AnonymousAnonymousover 1 year ago

Pretty good story. And better ending. 4 stars from me. Maybe 1, to one and a half from Betty. Shit doesn't always just happen, sometimes it needs a force to propel it along. Force from both sides ends up with your story. Well written. Keep it up. Thank you. S. F.

AnonymousAnonymousover 1 year ago

Betty was stupid and self centered.

AnonymousAnonymous9 months ago

Good on him. The smart move.

Betty: "It's not really cheating; besides it was just a short fling that is now over. I will never see Michael again but will have these memories I will treasure forever."

====> umm just wow. Zero remorse. If they had gotten married imagine how easily she would cheat, despite her protestations to the contrary.

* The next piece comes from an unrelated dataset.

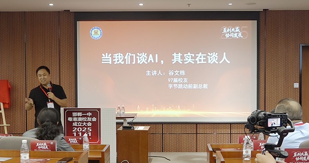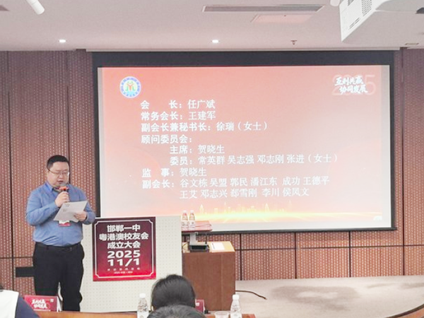 2025年11月1日,以“互利共赢 协同发展”为主题的“五位一体思路下粤冀双飞地研讨会暨邯郸一中粤港澳校友会成立大会”在深圳成功举行。此次活动在京津冀协同发展与粤港澳大湾区建设两大国家战略交汇的背景下,聚焦粤冀两地合作新机遇与校友情谊联结,吸引了近100名政府代表、校方领导、行业专家及粤港澳地区校友精英共聚一堂。大会由校友郄雪刚主持。

Especially hurts because she (supposedly) wad militant about maintaining her virginity till their wedding to make their first time epic. Well she gave that easily and gotten ridden hard for most of the month long trip, hence she looked like shit when she got back. She must have felt some guilt, hence her difficulty in engaging with the MC when she got back. But of course she was too prideful to admit that and created her Paris defense. But besides cheating and coughing up her virginity, she clearly showed no remorse and talked about treasuries her memories. That last sentiment, which she repeated several times I'd execrable and precluded reconciliation. It is thr same vomitous excrement that Linda said in her letter to Jim in February Sucks about her night screwing Marc thr Asshole. Nah there was no hope here for them. If anything she was insulted that he would break up with her for her choices and breaking his trust. Claiming he had to put on

his big boy pants and get over his male pride. She took a page from almost any of the loving wives featured in Cagivagurl's stories. Unlike the other males, the MC here was smart and found another better love.

AnonymousAnonymous9 months ago

"I will always treasure the memories of my time in Paris..."

So, she will always treasure the memories of her two weeks of cheating on her fiancé. What a narcissistic cunt. My man did right by dumping her and moving away for something better.